Among the starters, I absolutely loved the Topchi Kukkad, a type of grilled chicken that was just outstanding, to say the least. Along with that, the Gaad ko Machha, a type of ajwain grilled fish was equally superb. From the vegetarian menu, Pahadi Siddu was a bao style steamed dumpling with daal pitthi filling which was unique and went brilliantly with the novel garnishing that was served along.
I also loved Bhabri ka Paneer and Tehri ke Ptunge.
The mains blew us away. The simplicity that we experienced in this meal was very impressive. Most festivals try to commercialise dishes which usually means they’re over enthusiastically prepped with spices, cream or other enhancers. Here, the quintessential “atithi devo bhava” was evident in the homely cooked cuisine. For instance, the Pahadi Jangli Murgh was a simple chicken curry which was 10/10 in its own right. I generally don’t like chicken curries, in lieu of the more Punjabi, creamy and buttery gravies or the complete opposite oriental style recipes. But this curry blew me away. The chicken was exactly how one cooks at home, a little too soft and too easy on the bone and the curry was spot on, perfectly balanced on spices and flavours.
In a similar fashion, the Kirti Shahi Shikaar was a mutton gravy done absolutely right.
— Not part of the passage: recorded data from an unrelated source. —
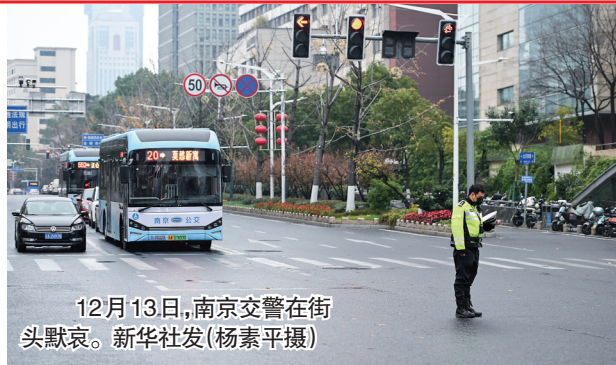
12月13日,南京交警在街头默哀。
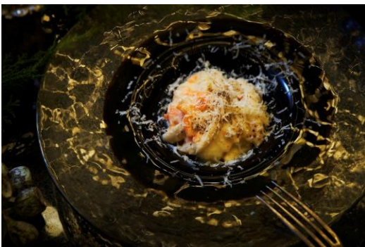
じゃがいものニョッキ サーモンクリームソース
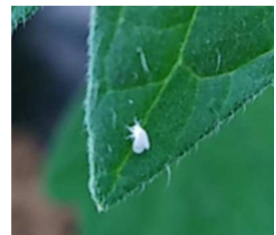
Aleurodes sur tomate

- Possibilité de mettre des panneaux englués jaunes pour suivre les vols
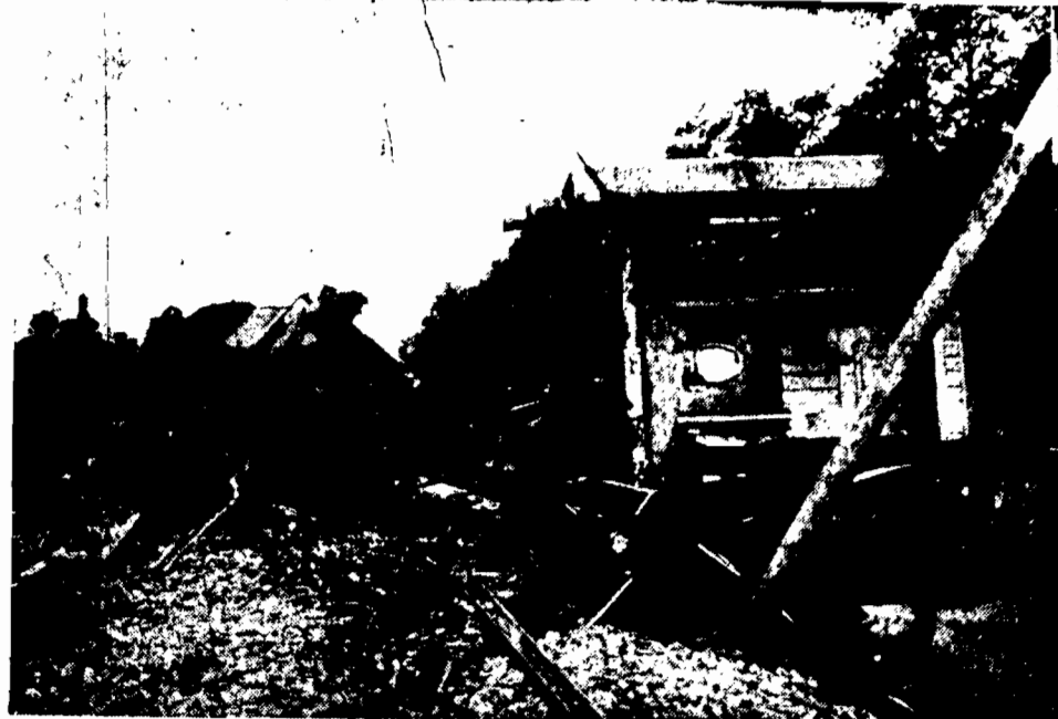
Zdjęcia specjalnego wysłannika z miejsca katastrofy
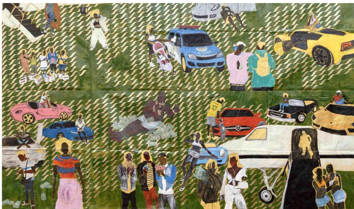
Figura 6: Maxwell Alexandre, “Só quando tu tá com as folhas, geral gosta de salada”, Série Pardo é papel , 2018.

São peças que impactam os estudantes ao conseguirem identificar cenas de clipes e artistas que admiram. A cena de jovens uniformizados virando o carro da polícia possibilita diálogos que buscam a reflexão do que motivou essa representação nas obras. As figuras religiosas, as becas dos universitários e os cabelos descoloridos costumam trazer imediata identificação dos estudantes.
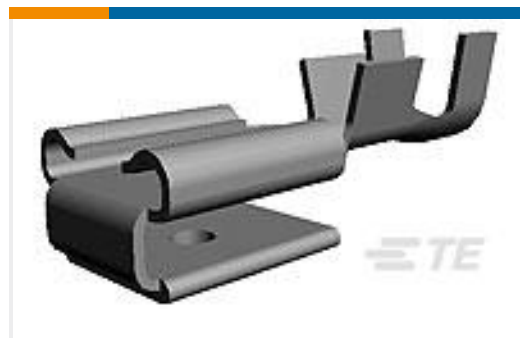
TE 产品编号60279-2 250 FASTON REC 18-14 AWG TPBR
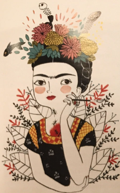
Retrato de Frida Kahlo
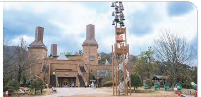
えひめこどもの城

えひめこどもの城は、子どもたちが遊びや交流を通して様々な体験活動を行うことにより、創造力や自主性、社会性、豊かな感性などを育むことができるよう、県立の児童厚生施設として、平成10年10月に開園しました。園内には、ふれあいの森、こどものまちゾーン、冒険の丘、創造の丘、環境体験学習コーナーなど色々な体験ゾーンや各種遊具を設けており、屋内施設も充実していて全天候型の施設です。

Not only the mutton was succulent, the gravy itself was just brilliant. When paired with some of the most amazing rotis we’ve ever had, such as the must-have ‘Mungri ki roti’ or the kachori like Suwali, you would be left with nothing more than heart’s content and a big smile on your faces.
I loved the assortment of rotis that were served. They were filled with everything from colocasia to beans and more and they were all very unique, very novel, very earthly. From the vegetarian menu, my favourite was the Kafulu ka saag.
We finally made it to desserts and what better way to end the meal than with Parwal ka Chamcham, Amla ka murabba and Jhangora ki Tasmai, a type of rice kheer. Overall, we were left super impressed by the authenticity of the cuisine and a chance to discover recipes that we, townsfolk hardly know about.
You must try this fest. It is unique, never seen before and quite economical too. Savour it, as long as it lasts and I wish this becomes a regular feature here.